Maximum penalties for such violations could include five-year prison sentences and financial penalties up to 200 per cent of the value of the contribution, according to progressive campaign finance reform group End Citizens United PAC.

The group’s filing argues that Mr Murdoch’s communication with Mr Kushner “constitutes a corporate contribution, which – because Fox was not acting with a legitimate press function – is a violation of federal law.”

“This was not only unethical behavior by Rupert Murdoch and Fox, it is also a clear violation of the law designed to tip the scales of a presidential election,” End Citizens United president Tiffany Muller said in a statement.

“She price tag for such information cannot be quantified,” she added. “It very well could have tilted the results of the election.”

Media Matters, a left-leaning right-wing media watchdog group, argued in its filing with the FEC that Fox Corporation was “not acting as a press entity” when Mr Murdoch provided Mr Trump’s campaign with Biden adverts.

The group argues that Mr Murdoch’s actions fail the FEC’s two-factor test to determine whether Fox was acting within a legitimate press function.
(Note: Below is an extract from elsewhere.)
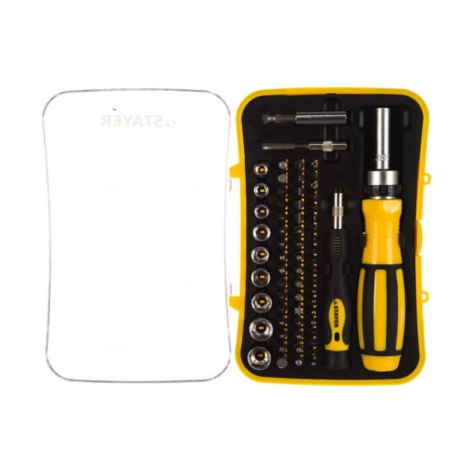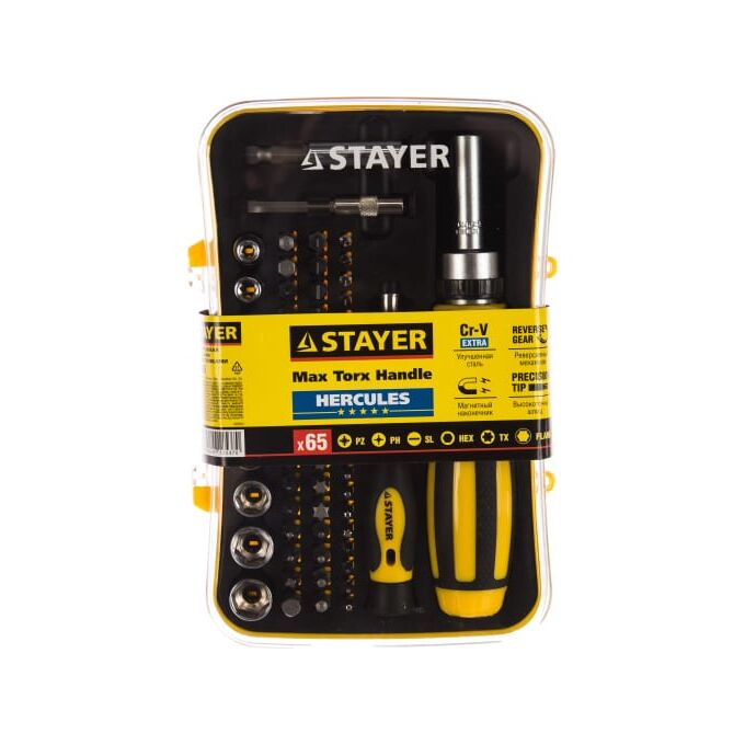 Отвертка STAYER 25310-H65 реверсивная с эргономичной ручкой, с насадками, 65 предм

“First, the Biden advertisements had not aired at the time that Murdoch provided information about it to the Committee and, therefore, the material was not available to the general public,” Media Matters argues.

“Second, Murdoch provided the Biden advertisements and information to the Committee through a private, and secret, direct communication,” the filing added. “This ‘distribution’ is diametrically opposed to Fox Corporation’s regular press activity broadcasting news programming through television and radio outlets and online publications.”

Mr Murdoch’s “secret conveyance” with Mr Kushner “is even less like press activity than a cablecasting company sending campaign flyers in its bills – and neither can be protected by the press exemption,” the group argues.

“Fox Corporation cannot try to exploit the press exemption to avoid the consequences of making an illegal corporate in-kind contribution,” the filing states.

A spokesperson for Fox has argued that Dominion has “cherry-picked” out-of-context statements to assemble its case.

“Dominion’s lawsuit has always been more about what will generate headlines than what can withstand legal and factual scrutiny, as illustrated by them now being forced to slash their fanciful damages demand by more than half a billion dollars after their own expert debunked its implausible claims,” according to statement from a Fox spokesperson to The Independent.

“Their summary judgment motion took an extreme, unsupported view of defamation law that would prevent journalists from basic reporting and their efforts to publicly smear Fox for covering and commenting on allegations by a sitting President of the United States should be recognized for what it is: a blatant violation of the First Amendment,” the statement added.